С самого начала день этот явно не задался. Даннинг не осмелился пойти в музей: Карсвелл вполне мог снова оказаться там, а Даннинг чувствовал, что ему не по силам справиться с весьма злобным противником. Собственный дом теперь казался ему отвратительным, а навязываться доктору было до крайности неприятно. Какое-то время Даннинг потратил на то, чтобы зайти в больницу, где немного воспрял духом, ибо новости о здоровье его домоправительницы и горничной оказались весьма утешительными. В полдень он заставил себя поехать в клуб, и для него было приятной неожиданностью встретить там своего хорошего знакомого, секретаря ассоциации. За ланчем Даннинг поведал ему часть своих бед, однако так и не смог заговорить о том, что угнетало его больше всего.
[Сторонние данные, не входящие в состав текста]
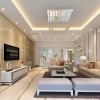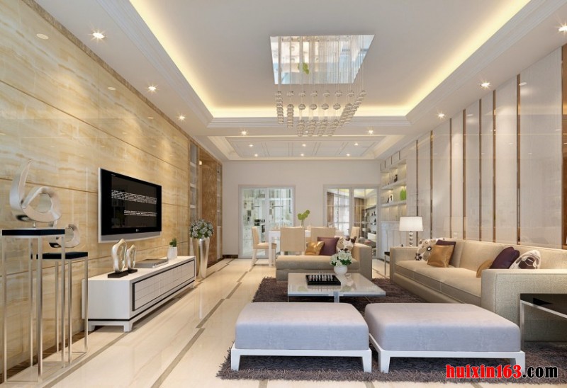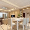 凹位造型石膏客厅吊顶,简约且富有层次感,水晶珠帘吸顶灯安装在客厅吊顶中央,为吊顶增色不少,暖色调灯带搭配,给人舒适简洁之感。黄色花纹墙砖贴饰而成的电视背景墙,简约中透着贵气,白色简约电视柜搭配,黑色线条勾勒出了电视柜的轮廓,让电视柜更显立体。地面上拼花地板设计,简洁的颜色,干净整洁。深色长毛地毯,与地面形成鲜明对比,起到了过渡的作用,白色简约方形茶几搭配,造型简单,金属结构框架让茶几更显时尚现代。洁净的白色,一尘不染,纯洁美感且实用性强。浅米黄的简约布艺沙发,纯色靠包及花纹靠枕装饰,深浅搭配,可以寻得视觉的平衡感。条纹沙发背景墙设计,黄白相间,金色铝板条增加了背景墙华贵之感,在灯光照射下,金光闪闪,异常华美。开放式的空间结构设计,大大增加了餐厅面积,造型简约的白色餐桌椅,灰色线条修饰,将餐桌椅的立体感表现了出来,小巧可爱的瓶插植物装饰,整体看上去清新自然。

— Ах, вы, мой дорогой, — сказал секретарь, — какое несчастье! Послушайте, мы с женой совершенно одни. Вы просто должны на время переехать к нам. Да-да! И никаких отговорок: сразу же после ланча пошлите за вашими вещами.
Даннинг едва держался на ногах: по правде говоря, он совершенно лишился покоя, чувствуя приближение вечера и опасаясь новых сюрпризов грядущей ночью. Так что предложение секретаря сделало его почти счастливым, и он поспешил домой собирать вещи.
Друзья радушно встретили его и, разглядев поближе, были глубоко потрясены несчастным видом Даннинга, так что постарались сделать все, что было в их силах, чтобы повысить у него настроение. Однако, оставшись наедине с секретарем и закурив, Даннинг снова приуныл. Внезапно он сказал:
— Гейтон, я полагаю, этот алхимик знает, что доклад отклонили из-за моей рецензии.
Гейтон только присвистнул.
— Но что заставляет вас так думать? — помолчав, спросил он.
Даннинг в ответ рассказал ему о своем разговоре с сотрудником Британского музея, и Гейтону осталось лишь согласиться с тем, что догадка Даннинга не лишена оснований.
— Не то чтобы меня это слишком беспокоило, — продолжал Даннинг, — однако же будет крайне неприятно, если нам суждено встретиться. По-моему, он весьма неуравновешенный господин.
Разговор снова заглох. Гейтон не мог не заметить, как отчаяние, все больше овладевающее душой Даннинга, отражается в его глазах и во всем его облике. Не выдержав — хотя и после некоторых сомнений, — он решительно спросил Даннинга, не мучает ли его что-либо более серьезное. Даннинг издал возглас облегчения.